Таким образом, в изначально официально декларируемые цели японской интервенции не входила «борьба с большевизмом»; тем более, в адресуемых русской аудитории текстах японского командования не содержалось ничего, что могло бы намекнуть на своекорыстные цели Японии в отношении России. Русская левая газета «Голос Родины», спустя почти 2 года после обращения Като, воспроизвела его в номере от 21 марта 1920 г., чтобы подчеркнуть, насколько сильно разошлись первоначальные заявления японцев с их поведением на российской территории. Последовавшие вскоре события 4-5 апреля 1920 г. ещё разительнее подчеркнули контраст между демонстративным нейтралитетом интервентов и их реальными мерами по борьбе с левыми российскими силами - не только с коммунистами, но и с правительством Приморской Областной Земской Управы1, состоящим из социалистов.

В связи с тем, что на страницах русских газет нередко освещались эпизоды, порочащие честь японского мундира, офицеры экспедиционного корпуса вынуждены были давать отповедь на страницах тех же изданий. Чаще всего это носило форму письма в редакцию газеты с опровержением информации, изложенной в той или иной антияпонской заметке. Активность в местной прессе, удивительная для военнослужащих иностранной армии, делала японцев участниками политических дискуссий на Дальнем Востоке.

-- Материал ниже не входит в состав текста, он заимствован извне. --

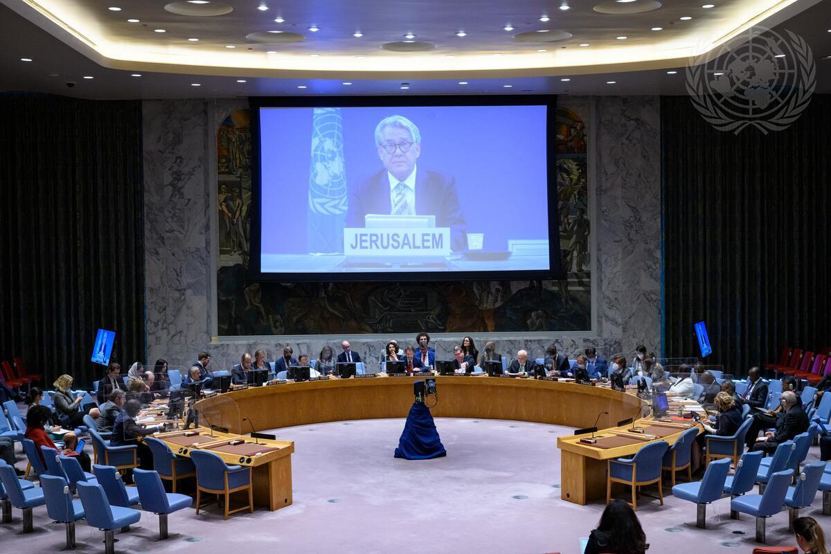 A view of the Security Council meeting on the situation in the Middle East, including the Palestinian question. On the screen is Tor Wennesland, Special Coordinator for the Middle East Peace Process. (27 June 2022 - UN Photo/Loey Felipe)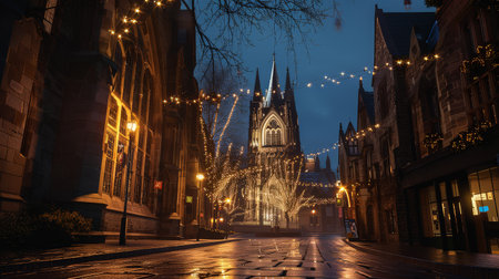 Illuminated Neo-Gothic Cathedral Facade, Majestic Architecture, Night Cityscape Landmark

Материалы на японском языке, не предназначавшиеся для русского обывателя, могли, в случае их перевода на русский язык и публикации в русских газетах, вызвать волну возмущения. Характерный эпизод произошёл после появления в газете «Владиво-Ниппо» заметки на японском языке, в которой критиковалась русская «неблагодарность» японским войскам за водворение порядка на Дальнем Востоке. Несмотря на риторические вопросы к русским, задаваемые автором заметки, сама публикация была рассчитана, прежде всего, на японского «резидента»-патриота, о чём свидетельствует отсутствие русского перевода. За «Владиво-Ниппо» перевод осуществило информационное агентство «Руста». В русской прессе под заголовком «Японские ламентации» заметка из «Владиво-Ниппо»

1 О Временном правительстве Дальнего Востока - Приморской Областной Земской Управы (ВПДВ - ПОЗУ) см. [24, С. 13-46].

была процитирована следующим образом: «Со времени прибытия прошлым летом наших императорских войск на сибирский фронт они жертвовали своей жизнью для блага России. Но вот мало по малу за последнее время власть перешла в руки социалистов, охваченные наступившим затишьем, непростительно забывшись подобно тому, как забывают Бога, когда минет опасность, население какого-то государства, как сверчки, назойливо твердят об эвакуации наших войск. А в каком положении находилась эта эгоистическая масса (дословно - мерзавцы) 2 месяца тому назад... Наше императорское войско самопожертв[енно] восстанавливало жизнь русского народа, теперь несносно твердящего об эвакуации. Добрые россияне, оглянитесь назад в то время, когда не было нашего императорского войска здесь, что было тогда? Ваши родители умирали, возлюбленные жены и дети страдали от ужасного позора, находясь среди порождений дьявола...» [3, а 2].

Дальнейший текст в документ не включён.